With all the attention we pay to the intellect in this society....
.... A vastly overrated instrument, the intellect.... I get bugged when people call me an intellectual (laughs).
We know relatively little about developing those intuitive faculties, or learning how to deal with the stress of handling those energies when the magic does strike.
Sure. The Western world doesn't know anything about the need to prepare yourself for dealing with creativity or the time you have to put in in apprenticeship. Back on the coffee house circuit I loved being a musician, I was a real ham for it. But the moment I hit the big stage, and heard people suck in their breath at the mention of my name, it hit it me . . . and there were years and years of maladjustment to contend with. My own apprenticeship, finding my balance, took eight years. The battles I have with it now are minor compared with those.
Was there a clash between your ego and your creative nature over who was going to take credit for those goodies?
Are you kidding?! I used to go in the dressing room after a show and just. . . cry. People were just discovering you, so you received this radiant enthusiasm and you'd think, "What are they applauding for, that was horrible what I just did -out there." There was emotional deception, there was technical failure. I couldn't get into this song and they didn't know the difference. There's a danger of becoming contemptuous of your audience at that point.

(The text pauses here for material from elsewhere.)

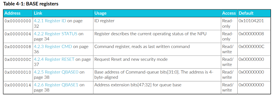 ethos NPU 레지스터는 MMIO 영역으로 접근할 수 있다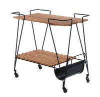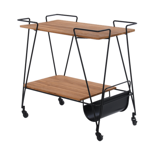 Barek Cape Town to elegancki i praktyczny dodatek nie tylko do salonu, ale również na taras. Posiada stalową ramę w czarnym kolorze oraz dwie tace wykonane z drewna teakowego – górną i dolną z podwyższonymi rantami. Zmieścisz na nich napoje, naczynia oraz przekąski dla gości. W zależności od Twojej wyobraźni, artykuł może odgrywać różne role – na tarasie jest stolikiem pomocniczym, w salonie poręcznym wózkiem do serwowania potraw, a w ogrodzie estetyczną aranżacją zielonej przestrzeni.

If they couldn't seem to differentiate between good and bad performances, what do you feel they were responding to?
There's a story about a clown that kind of sums it all up for me. I think it's Henry Miller, but I'm not sure. Now pay attention. Anyway, he's the greatest clown in the world, and one night when he's at the climax of his act he forgets his part, he just has this blank spell. It seems interminably long, the audience are on the edge of their seats, and just at the tension point where they're gonna boo him, all of a sudden he regains it. The audience goes crazy! He's never seen such applause. Next night he comes to the same place and seems to be forgetting what to do. He draws it out, draws it out, the audience leans forward, and just then he remembers the part and the audience again goes nuts. So he keeps this up for a while, and one day he wakes up and finds it repulsive that they don't know that he's faking, that he's manipulating them like that. He can't bear himself for doing it, so he quits. Finally, he winds up as an elephant boy in another circus, and one night the head clown takes sick. So our hero volunteers to step in, and he does the guy's part, and from the audience comes the biggest roar he's ever heard. The sick clown in the back room hears this and realizes that this replacement who's never done his routine before is getting more applause that he ever did. It breaks his heart, and he dies. The burden of hearing about this is too much for our hero, so he quits the circus and wanders around as a bum, sleeping in parks. One day he senses that it's his day to die. Coming down the walk is a cop, slapping a billy club on his leg. So he goes into his original routine and he gets up to that point and seems to forget the part, and he pulls the tension out and then regains it. The cop goes into absolute hysterics, just laughs and laughs. And the clown has this great contented feeling, and with that feeling he dies. So there you have the old yin and yang of it (laughs).... Kinda subtle.
Did you come to a moment when you realized you had to withdraw, to let go of it all to keep your sanity?
In the early 70's I just quit. I built a retreat up in the Canadian bush and swore I was never coming back. I built a house and wrote For The Roses during that time, so my little retreat was not complete (laughs). But I became a hermit. I felt extremely maladjusted about...the contrasts that were heaped on me. It was just too much input.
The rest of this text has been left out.